An electrolyte imbalance can be the root of many common health issues. Often, people are not even aware of electrolyte imbalances since they rectify themselves without serious repercussions. However, a persistent lack or excessive amount of electrolytes can harm the body.
What are Electrolytes?
Electrolytes are minerals that conduct electricity and dissolve in water. Once in the body, they participate in various actions such as energy production, hydration, heart rate, and muscle contraction. They are also responsible for regulating blood pH and clotting and transmitting signals to and from the heart and nerves.
What Causes Electrolyte Imbalances?
An electrolyte imbalance occurs when electrolyte levels are too high or, more commonly, too low. Dehydration is the most common cause since a lack of water also means a lack of electrolytes. Some of the most vital electrolytes are calcium, potassium, sodium, and magnesium. These can be lost when ill — vomiting, diarrhea, and fever drain the body of fluids. Other causes of dehydration and a loss of electrolytes include sweating from exertion, medication such as diuretics, and an internal pH imbalance.
What are the Symptoms?
Some symptoms of an electrolyte imbalance include:
- Muscle aches or spasms
- Heart palpitations
- Tiredness or fatigue
- Dizziness or irritability
These symptoms may be minor and undetectable, but without correction, they can lead to more serious issues. Seizures, severe headaches, and convulsions can all occur when the body lacks vital electrolytes for a prolonged period.
Treatment: Rehydrate Your Body
Rehydration is the most effective way to replenish electrolytes. Drinking water helps, but water alone won’t give the body the electrolytes it needs. Drinks like Gatorade and Pedialyte contain the necessary electrolytes to rehydrate quickly and efficiently, without washing away what minerals remain. Rehydration should be done with caution, however, since over-diluting and even water intoxication can occur when one ingests too much water too quickly.
Treatment: Increase Calcium
Since calcium is a vital electrolyte, increasing the amount of this mineral in your system can help replenish what was lost. Green leafy vegetables, dairy products, and seafood such as salmon and sardines are rich in calcium and can supplement the diet as soon as a doctor diagnoses an electrolyte deficiency. Calcium plays a role in muscle contractions and cell division. Calcium supplements are also an option to up electrolyte levels, but everyone should consult a doctor before adding new supplements to the diet.

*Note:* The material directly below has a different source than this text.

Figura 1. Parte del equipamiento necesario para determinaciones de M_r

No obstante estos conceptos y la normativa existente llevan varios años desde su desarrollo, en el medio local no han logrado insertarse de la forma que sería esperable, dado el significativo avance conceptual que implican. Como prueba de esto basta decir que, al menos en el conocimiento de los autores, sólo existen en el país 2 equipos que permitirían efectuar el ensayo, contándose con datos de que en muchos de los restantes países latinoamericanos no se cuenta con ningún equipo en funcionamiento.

Treatment: Potassium-Rich Foods
Potassium is an electrolyte easily depleted when a person is dehydrated. The mineral regulates muscle contractions, so a lack can cause muscle spasms and other side effects. Other than the obvious choices like bananas, spinach, sweet potatoes, prunes, and avocados are all excellent foods that can restore potassium levels. Hypokalemia, low potassium levels in the blood, can be dangerous in the long term and develop due to excessive fluid loss, so it is wise to replenish this vital electrolyte soon after illness or physical activity.
Treatment: Increase Sodium Levels
Low sodium levels can cause issues such as hyponatremia, which is characterized by low sodium levels in the blood. The condition can lead to seizures, coma, and even death when untreated. While some people may require intravenous solutions to combat serious sodium deficiencies, certain foods can replenish less severe losses. Coconut water and sports drinks, as well as foods that naturally contain healthy sodium levels, like meats, are good choices to improve sodium levels. Stocking up on sodium by way of processed foods, however, is not a good idea, as these foods will do more harm than good.

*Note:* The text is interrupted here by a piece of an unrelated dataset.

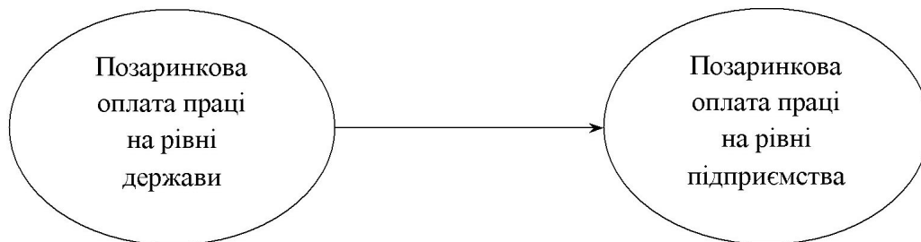
Рис. 3. Логічно-еволюційна модель формування оплати праці

вивели її з поля впливу на неї чинників, що визначали та посилювали її ринкову природу (рис. 3).

Treatment: Foods High in Magnesium
Magnesium is necessary for bodily regulation, and it aids calcium in building stronger bones. Foods that contain magnesium include:
There are also many magnesium-boosting supplements available that can boost these levels steadily and continuously.

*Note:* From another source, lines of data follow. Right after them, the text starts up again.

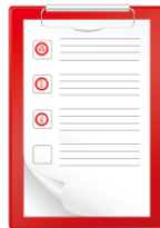
かいらん kairan circular
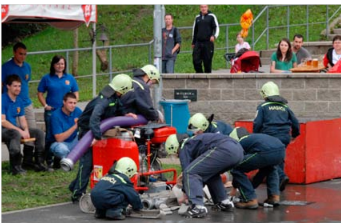
Hasiččina nejen dřina, 9. 6. 2012
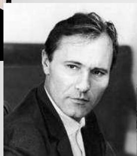
ШУКШИН Василий Макарович

Certain activities and foods can deplete electrolytes. Drinking too much water can flush the body and cells, especially after sweating. Kidneys the function improperly can also deplete electrolytes, as they may retain or flush too many. Cancer treatments such as chemotherapy can cause these issues, as well. While some of these causes are unavoidable or not easily rectified, being aware of them ensures individuals recognize the earliest signs of deficiency.
The best way to monitor electrolytes is to be cognizant of fluid intake versus output. Experts recommend people urinate three to four times and drink about eight cups of water each day. When ill, these levels should remain the same or be slightly increased, due to the amount of water your body is using and expelling through sources like vomiting, diarrhea, and even a fever. When exercising or sweating profusely, individuals should consume electrolyte water and juices and take note of any small changes in energy levels and muscle or heart activity.